The public inquiry into the murder of human rights lawyer Rosemary Nelson is to be delayed by a year.
The inquiry team has blamed a huge workload for its decision to postpone public hearings scheduled for next spring until January 2007.
it represents the latest in a series of setbacks for the tribunals set up on the recommendation of Canadian judge Peter Cory.
The inquiry team probing allegations of British Crown force collusion in the killing began its work in April and hoped to start public hearings into the high-profile murder by the beginning of next year.
But yesterday it issued a statement revealing that the “complexity of the issues” and the volume of material had forced a delay until January 2007.
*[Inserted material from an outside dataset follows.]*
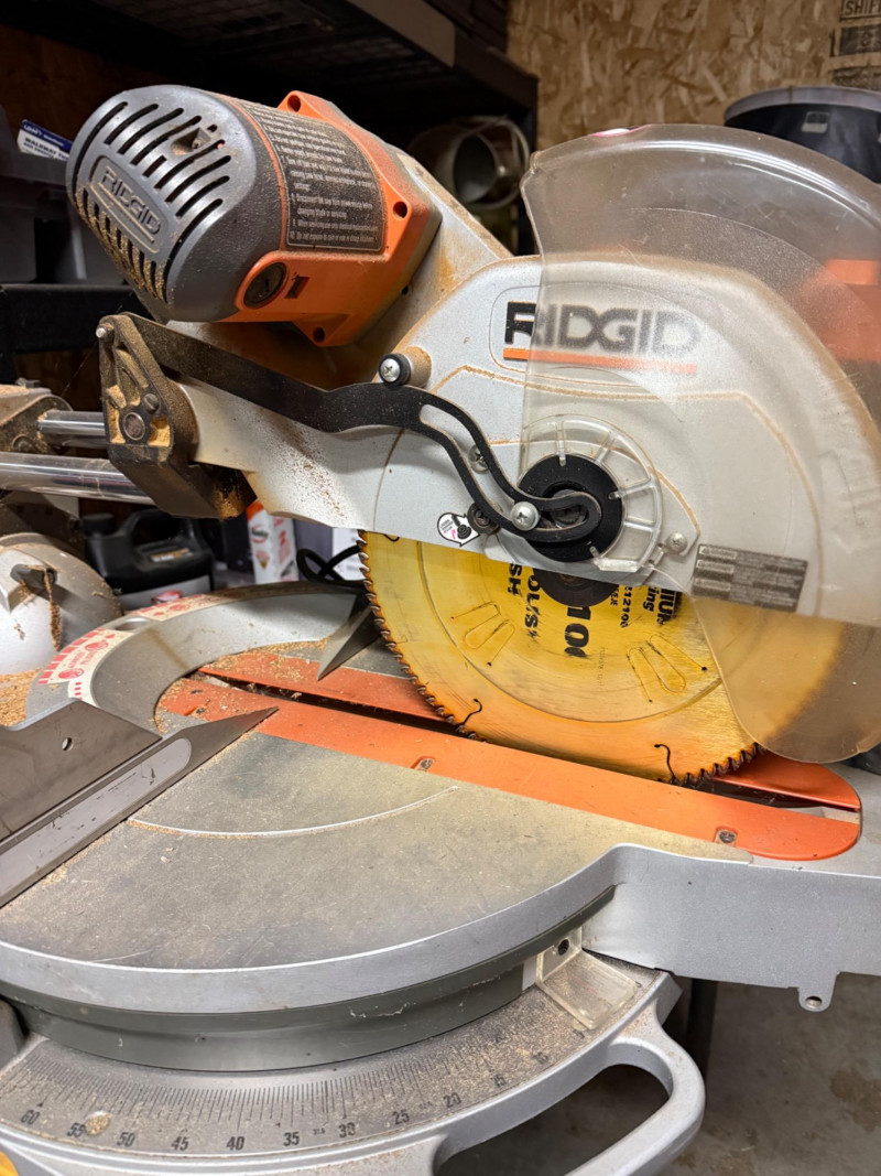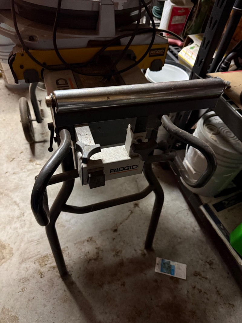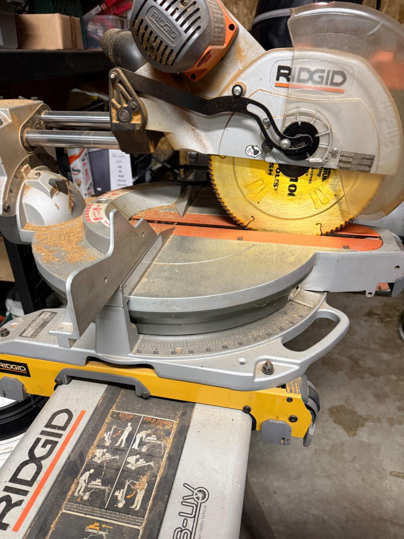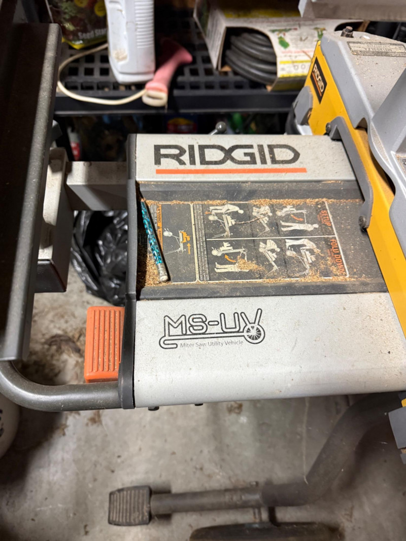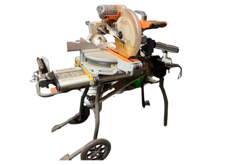Professional-grade RIDGID 12-inch Dual Bevel Sliding Compound Miter Saw mounted on the RIDGID MS-UV (Miter Saw Utility Vehicle) rolling stand. This setup combines precision cutting capability with convenient portability, ideal for contractors, woodworkers, and serious DIYers. Details: Brand: RIDGID Model: 12” Dual Bevel Sliding Compound Miter Saw Stand: RIDGID MS-UV Miter Saw Utility Vehicle with foldable design and large wheels for transport Blade Size: 12 inches (installed) Features: Dual bevel capability for angled cuts Sliding arm for wider boards Integrated laser guide for precision alignment Adjustable miter and bevel scales Quick-release mounting brackets Heavy-duty construction with ergonomic handles Dimensions (approx.): 38” H × 30” W × 60” L (when fully extended) Notes: Handling Note:
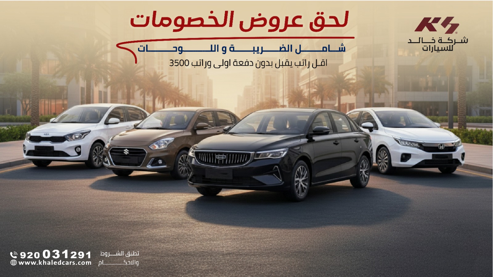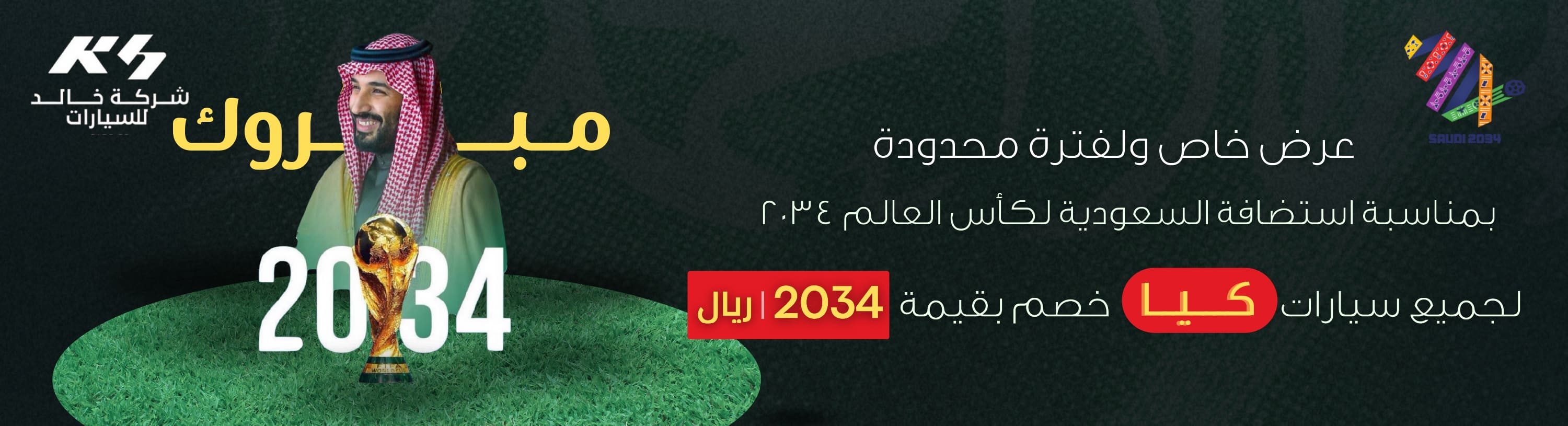 أخيراً وبعد انتظار طويل، السعودية راح تستضيف أكبر حدث رياضي في العالم، كأس العالم 2034! الخبر هذا مو بس فرحة لكل عشاق الكرة، لكن كمان فرصة نشارككم فيها بعرض رهيب ما يتفوت من معرض خالد للسيارات. بمناسبة هذا الحدث التاريخي، جايبين لكم خصم خاص بقيمة 2034 ريال سعودي على سيارات كيا وهوندا.

Colm Owens, solicitor for Mrs Nelson’s mother Sheila Magee, said the family had recently been told the inquiry start-date was likely to slip from the spring of next year until the autumn.
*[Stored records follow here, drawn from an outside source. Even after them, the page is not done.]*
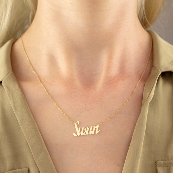 14K Solid Gold Name Necklace, Personalized, Custom by...
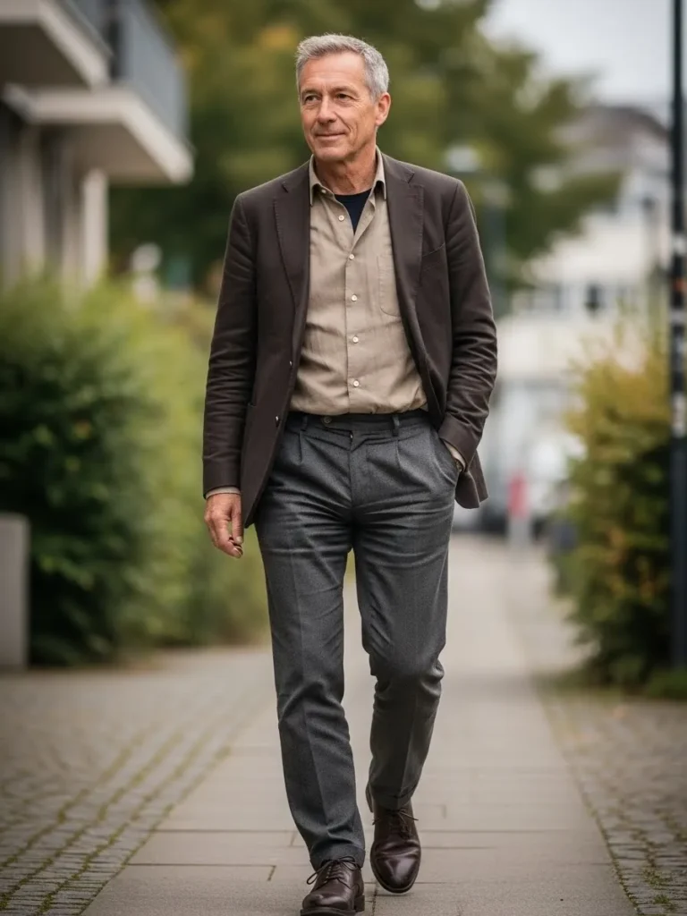 A dark brown blazer is styled with a beige shirt and gray trousers that fall neatly with soft creases.
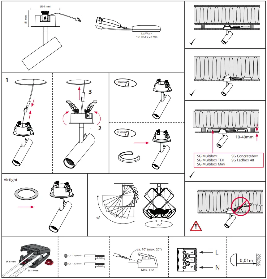 ![]() | Only to be installed and maintained by an authorized electrician. Turn off power before installing |
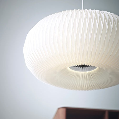 伝統の折りと手仕事に新しい解釈を加えたモデル「195」は、真ん中に穴が空いた形状から《ドーナツ》と呼ばれます。ブランドでも最も細かな折りのプリーツが特徴で、柔和なフォルムと繊細な印象が同居するデザインです。電球2個使いのため、明るさをお求めの方にピッタリのペンダントです。
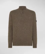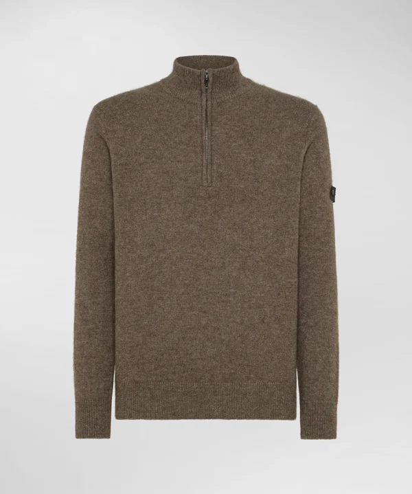 Fijne trui van yakwolmix met halve rits, met een kasjmierachtige zachte, warme en volle textuur. Het essentiële ontwerp wordt verrijkt door de opstaande kraag met rits en geribde details op de kraag, manchetten en onderkant, die zorgen voor een comfortabele en goed gedefinieerde pasvorm. Het Peuterey trilogy-logo – het iconische symbool van het merk – is met delicate knoopjes op de linkermouw aangebracht. De fijne wol voegt unieke warmte en comfort toe aan dit klassieke en verfijnde kledingstuk.

Noting that the decision to set up the inquiry was announced in November 2004, he said: “We already expressed our disappointment when it was indicated that it would not start in the spring of ‘06. This has come as a further hammer-blow.”
Rosemary Nelson, a 40-year-old mother-of-three who ran her own legal practice in Lurgan, County Armagh, became involved in a number of high-profile cases in the mid-1990s.
She was killed on March 15 1999 when a bomb exploded beneath her car as she drove to work.
Prior to her death she alleged that her life was threatened by members of the security forces, with RUC officers accused of making threats against her while interviewing her clients.
Her complaints attracted widespread media attention when she brought them before a committee of the US Congress.
The prominence of her case failed to deter her killers.
* The family of murdered defence lawyer Pat Finucane has held its first ever meeting with Ulster Unionist leader Reg Empey.
The meeting was the latest in a series of discussions which the Finucane family have held with local political parties to highlight their concerns about government-imposed restrictions on a public inquiry into the 1989 murder.